> WHAT YOU SHOULD DO
Range to copy from the entries below: the line containing "PERLA ČRNA (GAT)" through the line containing "अस्तु का विवेक, नवनिर्माण", inclusive. Retype only those lines, exactly, without any images.

> INFORMATION SUPPLIED
---*---

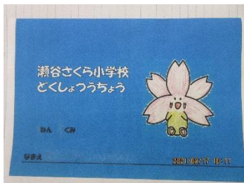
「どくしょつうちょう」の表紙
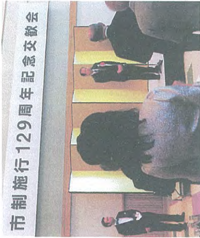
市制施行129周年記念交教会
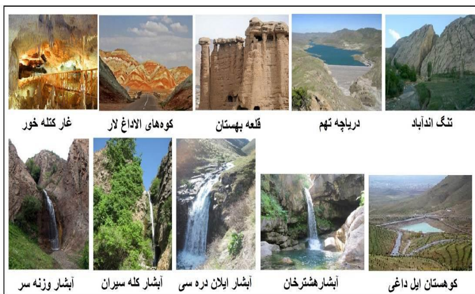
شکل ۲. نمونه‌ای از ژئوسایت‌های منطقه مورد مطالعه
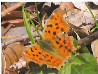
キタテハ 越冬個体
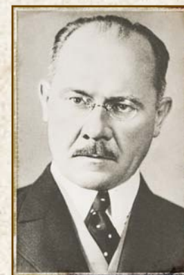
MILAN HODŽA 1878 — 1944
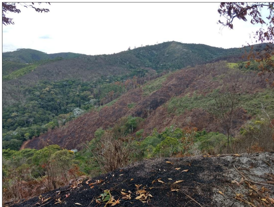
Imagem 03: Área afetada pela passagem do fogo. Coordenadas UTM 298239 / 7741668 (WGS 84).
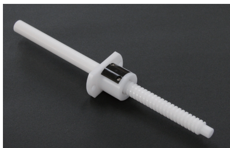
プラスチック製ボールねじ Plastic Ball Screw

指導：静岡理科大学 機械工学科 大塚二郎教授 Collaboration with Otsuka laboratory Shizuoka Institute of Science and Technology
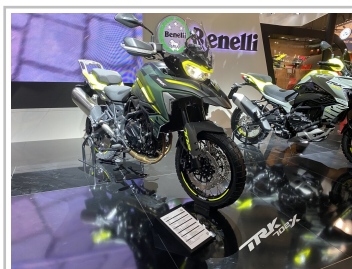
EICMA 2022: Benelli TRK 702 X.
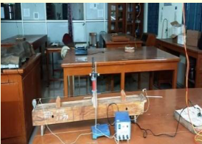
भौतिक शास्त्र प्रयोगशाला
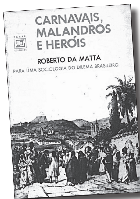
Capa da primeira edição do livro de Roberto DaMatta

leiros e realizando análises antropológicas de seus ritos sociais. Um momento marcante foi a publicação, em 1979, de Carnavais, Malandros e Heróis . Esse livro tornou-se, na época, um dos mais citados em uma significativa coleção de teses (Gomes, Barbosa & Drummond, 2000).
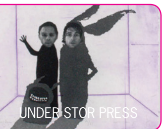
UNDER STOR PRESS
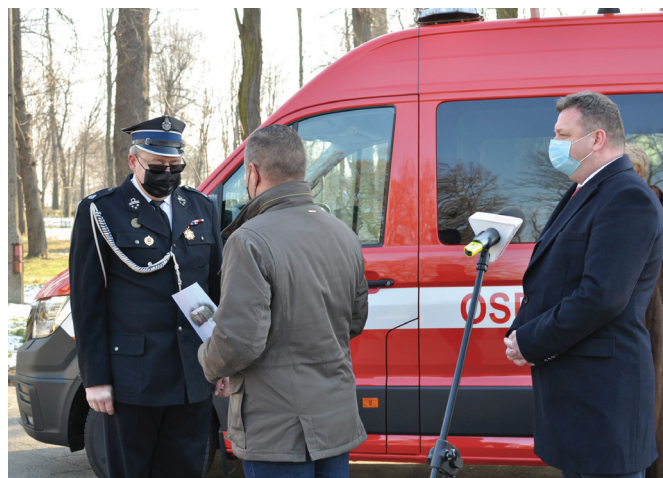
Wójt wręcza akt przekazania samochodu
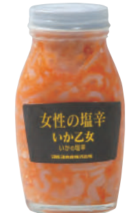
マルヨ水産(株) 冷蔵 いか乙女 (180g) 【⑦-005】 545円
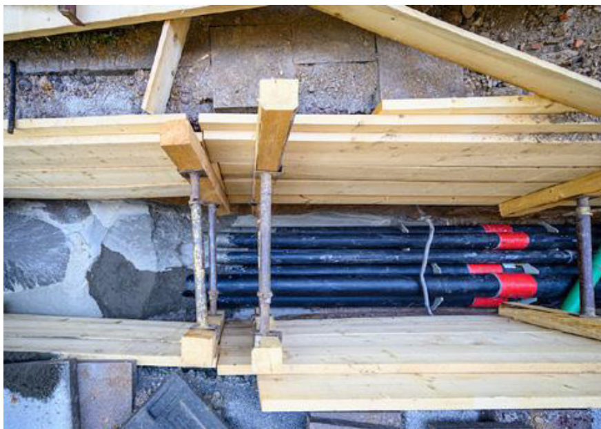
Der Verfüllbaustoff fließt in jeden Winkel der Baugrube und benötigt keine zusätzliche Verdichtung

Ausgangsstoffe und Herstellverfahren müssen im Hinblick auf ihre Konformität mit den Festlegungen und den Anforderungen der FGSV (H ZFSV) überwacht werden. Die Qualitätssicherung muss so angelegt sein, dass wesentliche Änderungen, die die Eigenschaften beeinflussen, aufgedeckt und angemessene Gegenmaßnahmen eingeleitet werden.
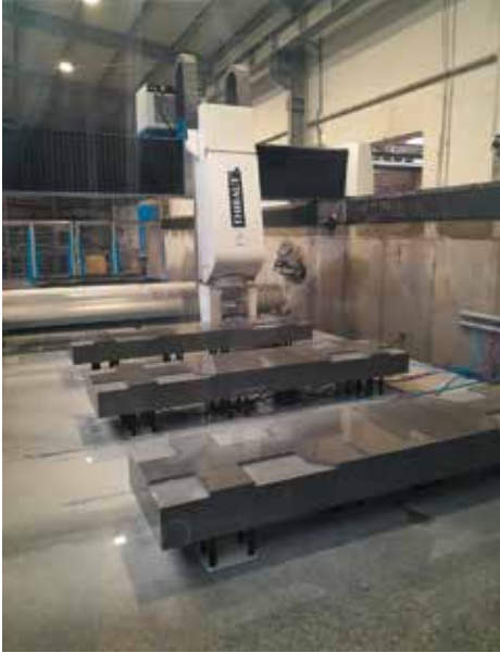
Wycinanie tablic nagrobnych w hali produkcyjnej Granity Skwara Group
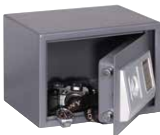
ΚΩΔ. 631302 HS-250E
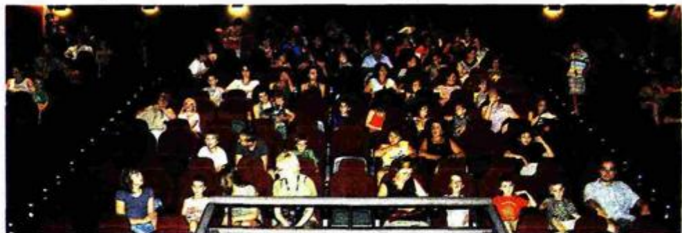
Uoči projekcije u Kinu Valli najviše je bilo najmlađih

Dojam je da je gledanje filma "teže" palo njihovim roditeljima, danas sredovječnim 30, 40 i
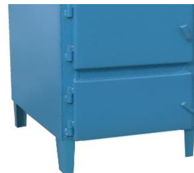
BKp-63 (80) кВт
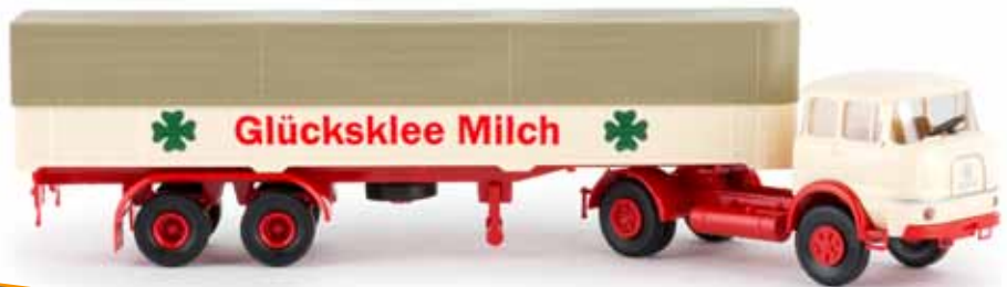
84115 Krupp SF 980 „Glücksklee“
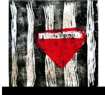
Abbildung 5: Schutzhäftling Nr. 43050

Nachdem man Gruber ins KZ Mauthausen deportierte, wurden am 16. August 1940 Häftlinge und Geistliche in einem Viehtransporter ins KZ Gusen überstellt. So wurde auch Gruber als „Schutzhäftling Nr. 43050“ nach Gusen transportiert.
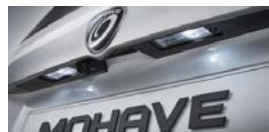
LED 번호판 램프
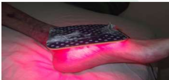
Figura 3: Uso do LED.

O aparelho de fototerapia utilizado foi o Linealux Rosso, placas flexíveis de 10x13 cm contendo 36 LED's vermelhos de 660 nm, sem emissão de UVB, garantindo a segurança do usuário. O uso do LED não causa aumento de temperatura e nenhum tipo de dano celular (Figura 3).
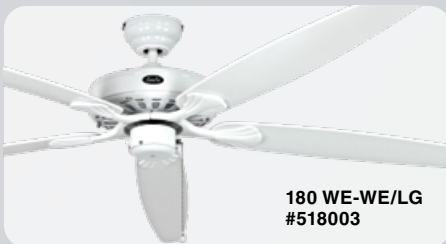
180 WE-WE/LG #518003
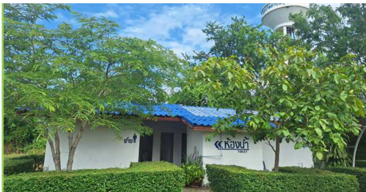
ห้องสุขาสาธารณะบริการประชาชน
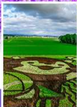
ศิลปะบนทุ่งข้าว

---*---

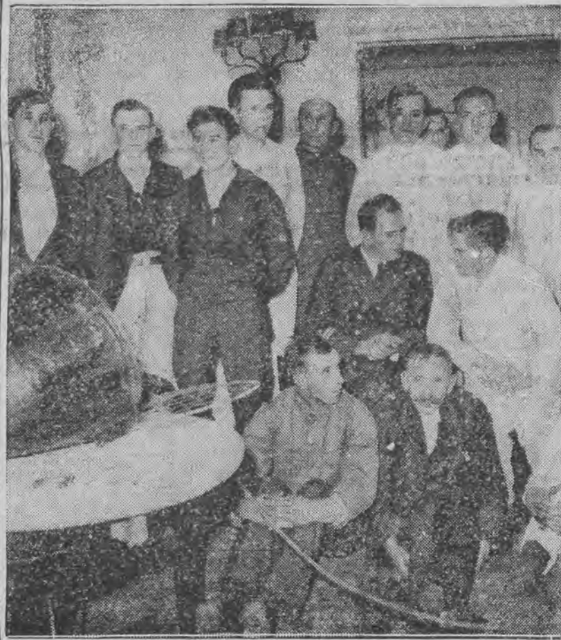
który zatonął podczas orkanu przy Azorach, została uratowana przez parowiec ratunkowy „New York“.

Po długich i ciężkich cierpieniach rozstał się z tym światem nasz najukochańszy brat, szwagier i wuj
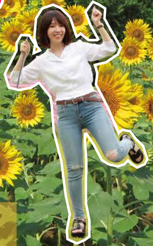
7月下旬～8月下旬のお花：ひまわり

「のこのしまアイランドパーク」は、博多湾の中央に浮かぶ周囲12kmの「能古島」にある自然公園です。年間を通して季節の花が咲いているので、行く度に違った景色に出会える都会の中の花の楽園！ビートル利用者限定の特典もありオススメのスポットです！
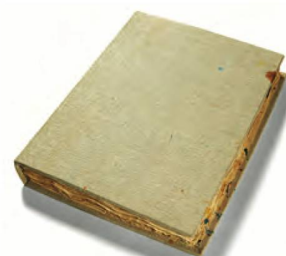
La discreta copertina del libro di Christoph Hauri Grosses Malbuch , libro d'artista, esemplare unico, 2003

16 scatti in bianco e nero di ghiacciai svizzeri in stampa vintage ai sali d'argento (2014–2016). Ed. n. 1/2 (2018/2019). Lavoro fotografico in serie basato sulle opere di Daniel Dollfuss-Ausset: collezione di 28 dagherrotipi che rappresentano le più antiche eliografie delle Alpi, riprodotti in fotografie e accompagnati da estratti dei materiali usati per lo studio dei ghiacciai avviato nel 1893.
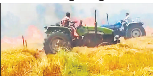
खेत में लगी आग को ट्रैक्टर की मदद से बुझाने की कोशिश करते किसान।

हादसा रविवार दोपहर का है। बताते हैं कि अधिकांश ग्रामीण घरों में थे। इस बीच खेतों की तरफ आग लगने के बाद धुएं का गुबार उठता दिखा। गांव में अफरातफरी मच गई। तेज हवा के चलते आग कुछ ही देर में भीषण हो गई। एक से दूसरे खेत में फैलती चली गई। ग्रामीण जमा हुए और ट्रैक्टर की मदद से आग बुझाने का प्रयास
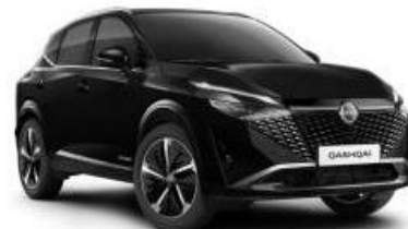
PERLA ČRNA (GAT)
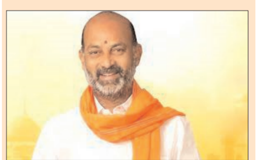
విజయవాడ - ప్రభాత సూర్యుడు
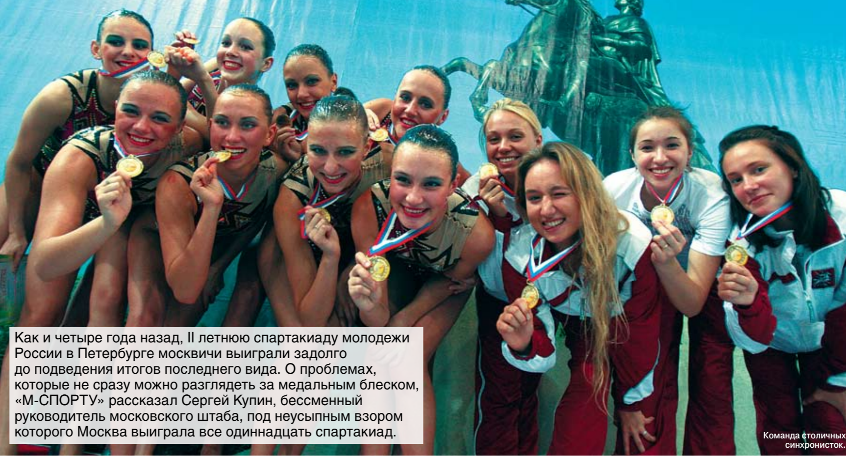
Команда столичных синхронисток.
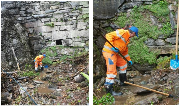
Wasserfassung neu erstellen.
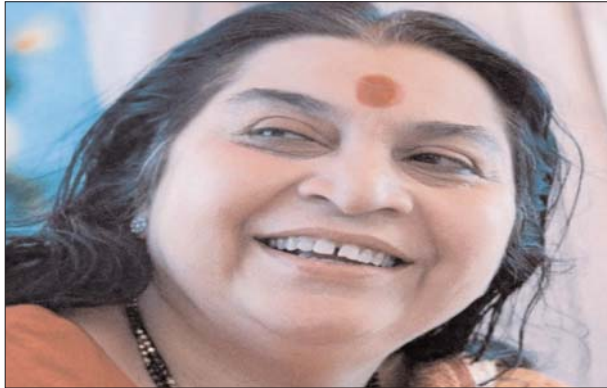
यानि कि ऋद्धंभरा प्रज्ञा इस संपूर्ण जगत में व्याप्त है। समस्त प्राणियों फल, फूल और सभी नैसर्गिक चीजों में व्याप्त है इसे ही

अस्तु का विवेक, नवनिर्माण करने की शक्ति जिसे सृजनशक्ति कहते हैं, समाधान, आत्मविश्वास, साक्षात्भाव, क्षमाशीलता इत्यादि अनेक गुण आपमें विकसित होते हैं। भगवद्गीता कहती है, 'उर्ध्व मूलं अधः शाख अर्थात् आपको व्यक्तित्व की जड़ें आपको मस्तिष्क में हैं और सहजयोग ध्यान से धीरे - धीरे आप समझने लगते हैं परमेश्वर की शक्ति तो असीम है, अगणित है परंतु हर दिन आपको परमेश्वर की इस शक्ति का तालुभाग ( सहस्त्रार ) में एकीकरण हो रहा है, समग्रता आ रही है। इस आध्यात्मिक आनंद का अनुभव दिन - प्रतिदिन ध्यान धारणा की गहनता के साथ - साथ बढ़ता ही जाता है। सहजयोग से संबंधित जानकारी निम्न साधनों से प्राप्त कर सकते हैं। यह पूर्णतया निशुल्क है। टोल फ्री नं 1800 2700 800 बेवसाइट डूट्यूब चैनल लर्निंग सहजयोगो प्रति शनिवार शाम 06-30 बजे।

---*---

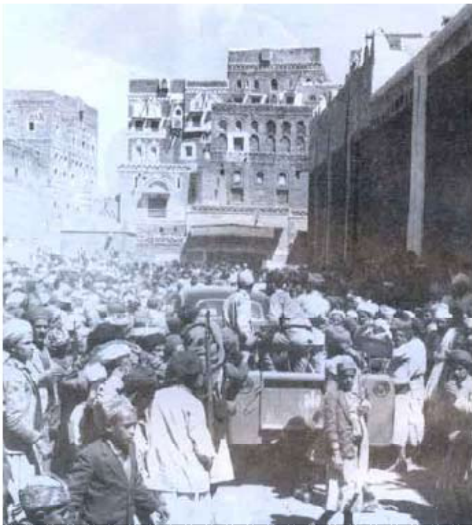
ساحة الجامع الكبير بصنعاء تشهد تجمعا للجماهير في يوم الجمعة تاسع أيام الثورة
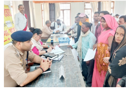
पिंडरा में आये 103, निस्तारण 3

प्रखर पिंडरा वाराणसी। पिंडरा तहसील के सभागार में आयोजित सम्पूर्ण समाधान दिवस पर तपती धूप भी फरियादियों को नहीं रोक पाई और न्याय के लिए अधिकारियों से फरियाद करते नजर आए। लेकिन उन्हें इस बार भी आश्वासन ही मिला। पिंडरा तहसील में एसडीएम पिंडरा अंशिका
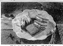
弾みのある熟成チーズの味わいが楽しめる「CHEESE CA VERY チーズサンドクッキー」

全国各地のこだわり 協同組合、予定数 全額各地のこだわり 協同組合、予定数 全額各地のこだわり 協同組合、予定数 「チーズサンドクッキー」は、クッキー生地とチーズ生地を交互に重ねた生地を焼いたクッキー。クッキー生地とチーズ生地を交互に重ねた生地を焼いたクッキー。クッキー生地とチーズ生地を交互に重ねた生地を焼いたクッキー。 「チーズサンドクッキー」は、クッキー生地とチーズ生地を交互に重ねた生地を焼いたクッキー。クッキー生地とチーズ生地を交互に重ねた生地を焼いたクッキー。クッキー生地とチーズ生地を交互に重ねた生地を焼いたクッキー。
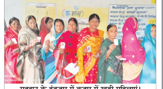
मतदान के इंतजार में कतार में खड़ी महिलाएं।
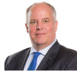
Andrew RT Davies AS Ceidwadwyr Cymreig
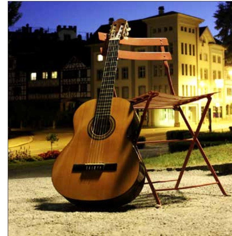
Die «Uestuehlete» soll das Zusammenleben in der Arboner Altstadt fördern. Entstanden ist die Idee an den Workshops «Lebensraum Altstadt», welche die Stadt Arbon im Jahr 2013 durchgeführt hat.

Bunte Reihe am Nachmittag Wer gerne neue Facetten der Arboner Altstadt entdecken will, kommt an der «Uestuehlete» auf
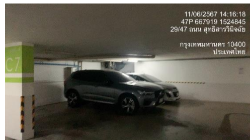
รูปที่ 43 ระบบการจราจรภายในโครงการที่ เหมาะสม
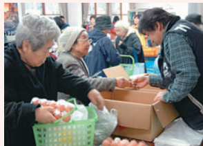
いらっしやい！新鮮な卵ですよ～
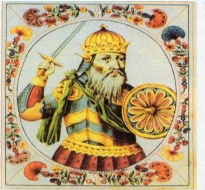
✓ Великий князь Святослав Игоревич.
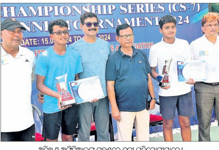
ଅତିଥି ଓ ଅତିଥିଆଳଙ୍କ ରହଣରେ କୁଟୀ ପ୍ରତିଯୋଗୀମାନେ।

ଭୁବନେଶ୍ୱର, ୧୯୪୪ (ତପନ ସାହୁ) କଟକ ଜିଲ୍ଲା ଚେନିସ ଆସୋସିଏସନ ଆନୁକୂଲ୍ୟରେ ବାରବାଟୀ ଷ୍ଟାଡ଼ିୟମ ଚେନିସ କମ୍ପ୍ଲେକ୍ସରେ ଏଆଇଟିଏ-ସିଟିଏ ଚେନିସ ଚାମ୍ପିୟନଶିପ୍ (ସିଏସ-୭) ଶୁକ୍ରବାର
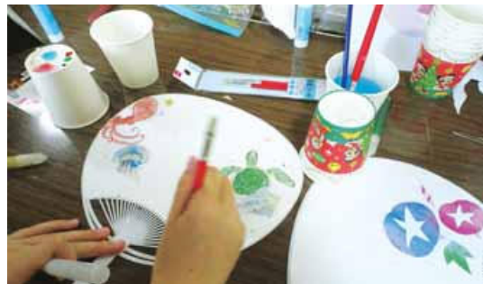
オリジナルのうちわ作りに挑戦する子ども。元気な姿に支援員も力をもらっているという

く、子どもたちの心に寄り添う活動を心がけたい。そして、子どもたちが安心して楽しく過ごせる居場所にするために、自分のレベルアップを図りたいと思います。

---*---

> SOLUTION
PERLA ČRNA (GAT)
విజయవాడ - ప్రభాత సూర్యుడు
Команда столичных синхронисток.
Wasserfassung neu erstellen.
यानि कि ऋद्धंभरा प्रज्ञा इस संपूर्ण जगत में व्याप्त है। समस्त प्राणियों फल, फूल और सभी नैसर्गिक चीजों में व्याप्त है इसे ही

अस्तु का विवेक, नवनिर्माण करने की शक्ति जिसे सृजनशक्ति कहते हैं, समाधान, आत्मविश्वास, साक्षात्भाव, क्षमाशीलता इत्यादि अनेक गुण आपमें विकसित होते हैं। भगवद्गीता कहती है, 'उर्ध्व मूलं अधः शाख अर्थात् आपको व्यक्तित्व की जड़ें आपको मस्तिष्क में हैं और सहजयोग ध्यान से धीरे - धीरे आप समझने लगते हैं परमेश्वर की शक्ति तो असीम है, अगणित है परंतु हर दिन आपको परमेश्वर की इस शक्ति का तालुभाग ( सहस्त्रार ) में एकीकरण हो रहा है, समग्रता आ रही है। इस आध्यात्मिक आनंद का अनुभव दिन - प्रतिदिन ध्यान धारणा की गहनता के साथ - साथ बढ़ता ही जाता है। सहजयोग से संबंधित जानकारी निम्न साधनों से प्राप्त कर सकते हैं। यह पूर्णतया निशुल्क है। टोल फ्री नं 1800 2700 800 बेवसाइट डूट्यूब चैनल लर्निंग सहजयोगो प्रति शनिवार शाम 06-30 बजे।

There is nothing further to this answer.